→ Prompt: Please restate word for word the lines of the entries below from the one with "직장가입자의 피부양자가 되려는" to the one with "Teplé a jasné", inclusive, and leave out every picture.

→ Excerpted data:
****************
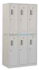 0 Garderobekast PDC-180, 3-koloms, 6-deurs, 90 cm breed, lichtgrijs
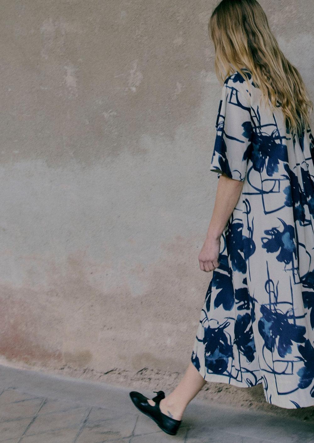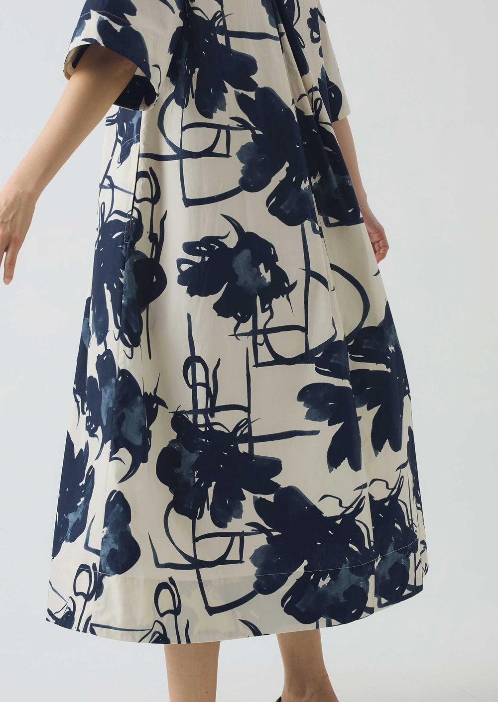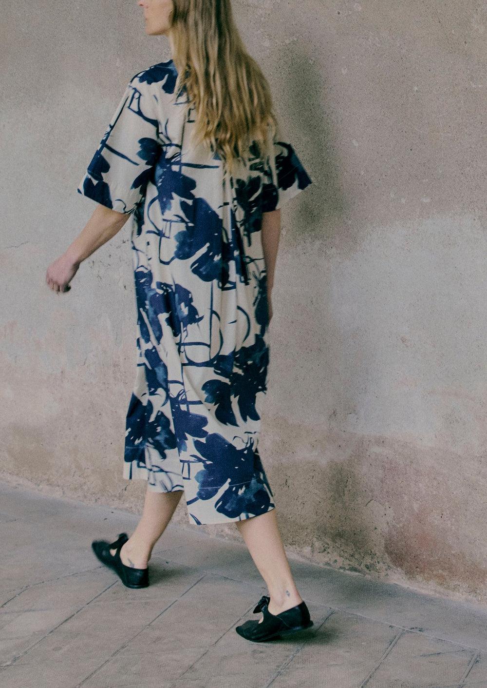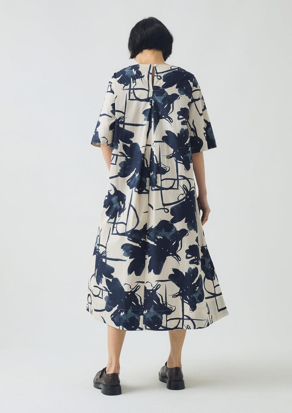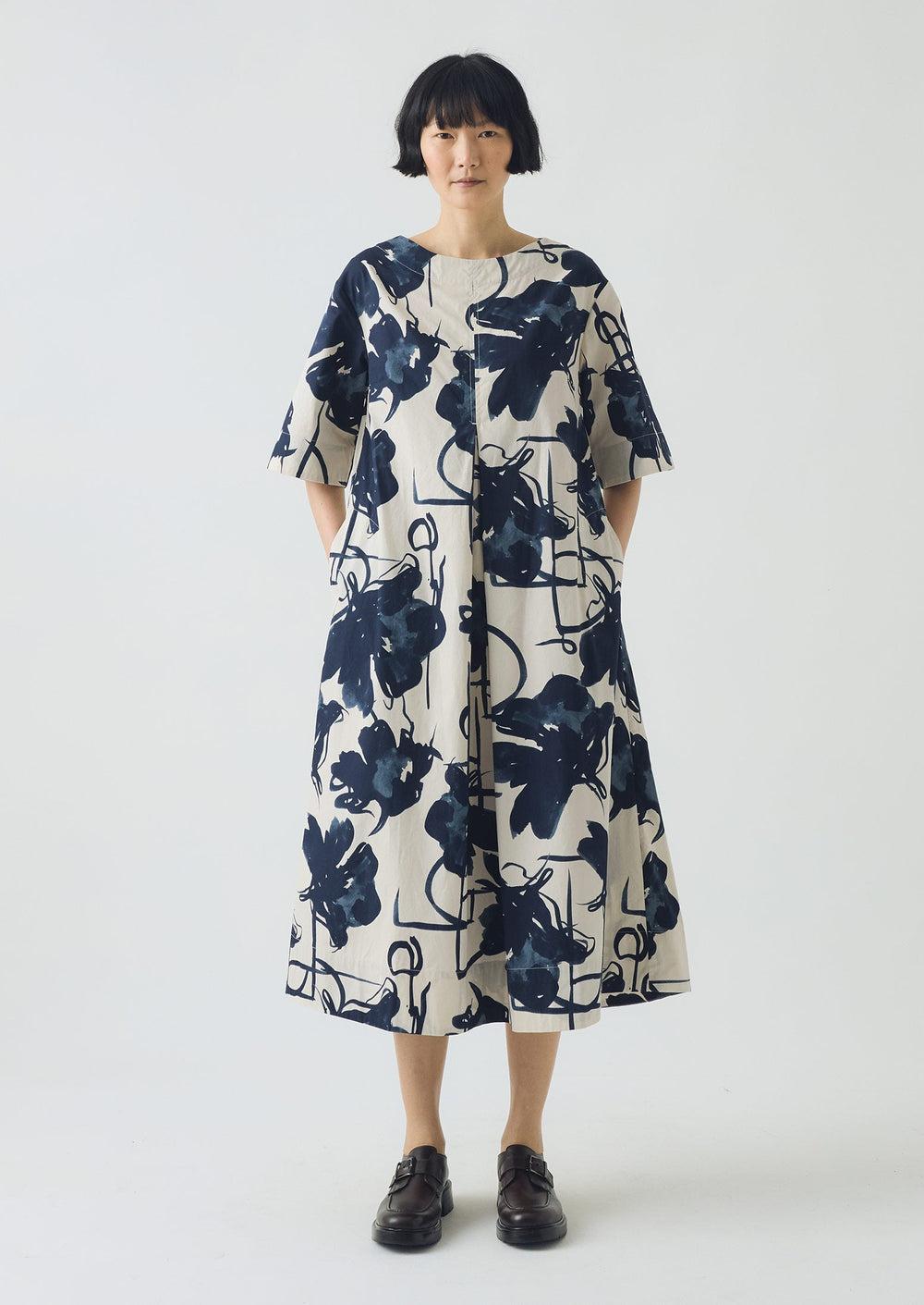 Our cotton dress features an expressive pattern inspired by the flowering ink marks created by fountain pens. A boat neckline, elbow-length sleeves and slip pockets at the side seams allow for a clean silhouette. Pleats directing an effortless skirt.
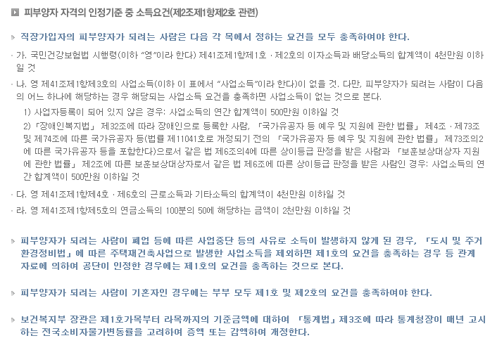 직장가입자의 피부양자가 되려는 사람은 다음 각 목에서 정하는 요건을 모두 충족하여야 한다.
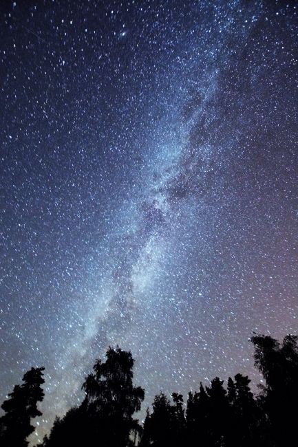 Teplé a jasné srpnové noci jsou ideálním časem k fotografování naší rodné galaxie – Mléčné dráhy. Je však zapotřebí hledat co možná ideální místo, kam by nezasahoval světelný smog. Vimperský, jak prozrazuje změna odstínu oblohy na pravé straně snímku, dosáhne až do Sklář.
****************
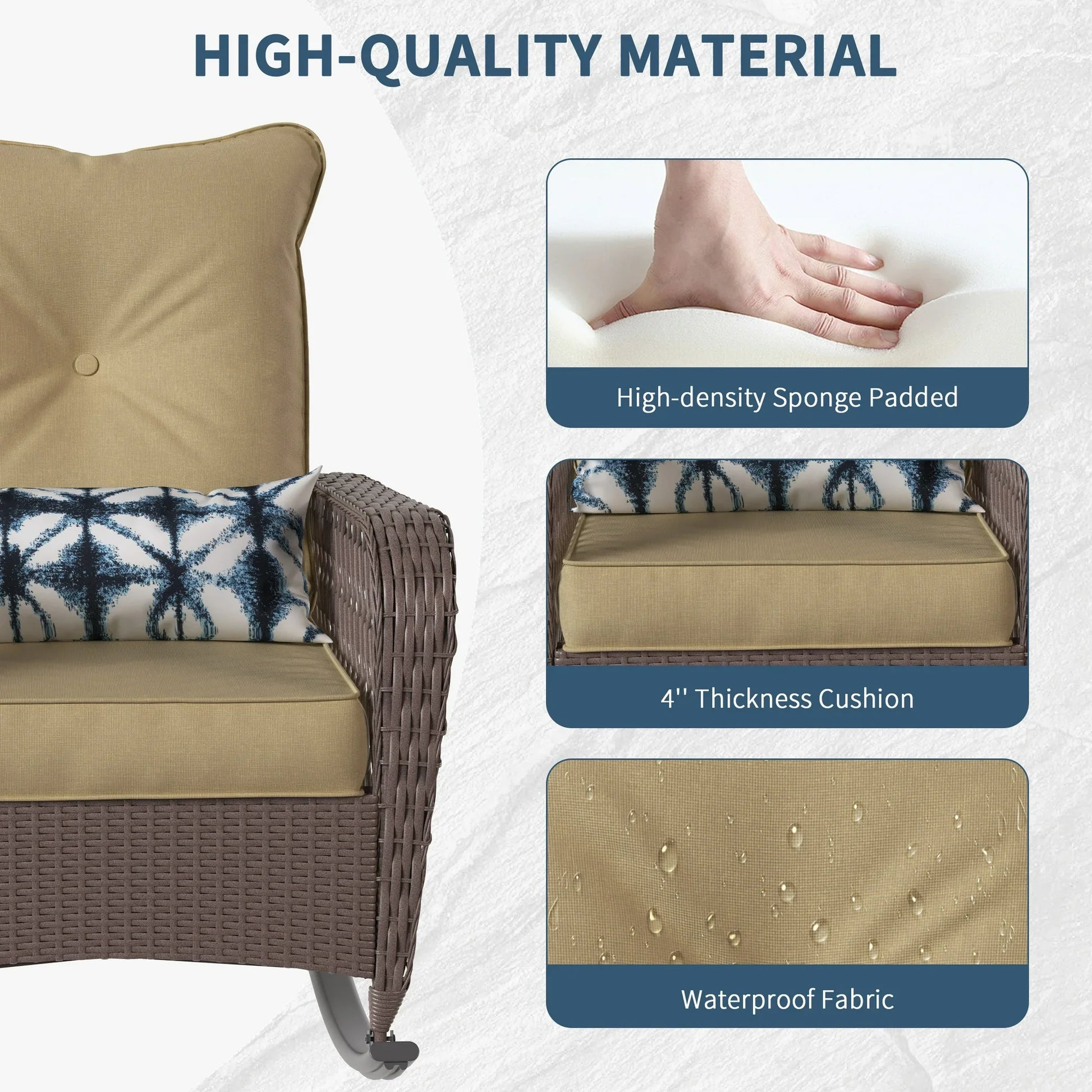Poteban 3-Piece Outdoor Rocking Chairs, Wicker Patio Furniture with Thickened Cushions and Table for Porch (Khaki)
****************
→ Output for this task:
 직장가입자의 피부양자가 되려는 사람은 다음 각 목에서 정하는 요건을 모두 충족하여야 한다.
 Teplé a jasné srpnové noci jsou ideálním časem k fotografování naší rodné galaxie – Mléčné dráhy. Je však zapotřebí hledat co možná ideální místo, kam by nezasahoval světelný smog. Vimperský, jak prozrazuje změna odstínu oblohy na pravé straně snímku, dosáhne až do Sklář.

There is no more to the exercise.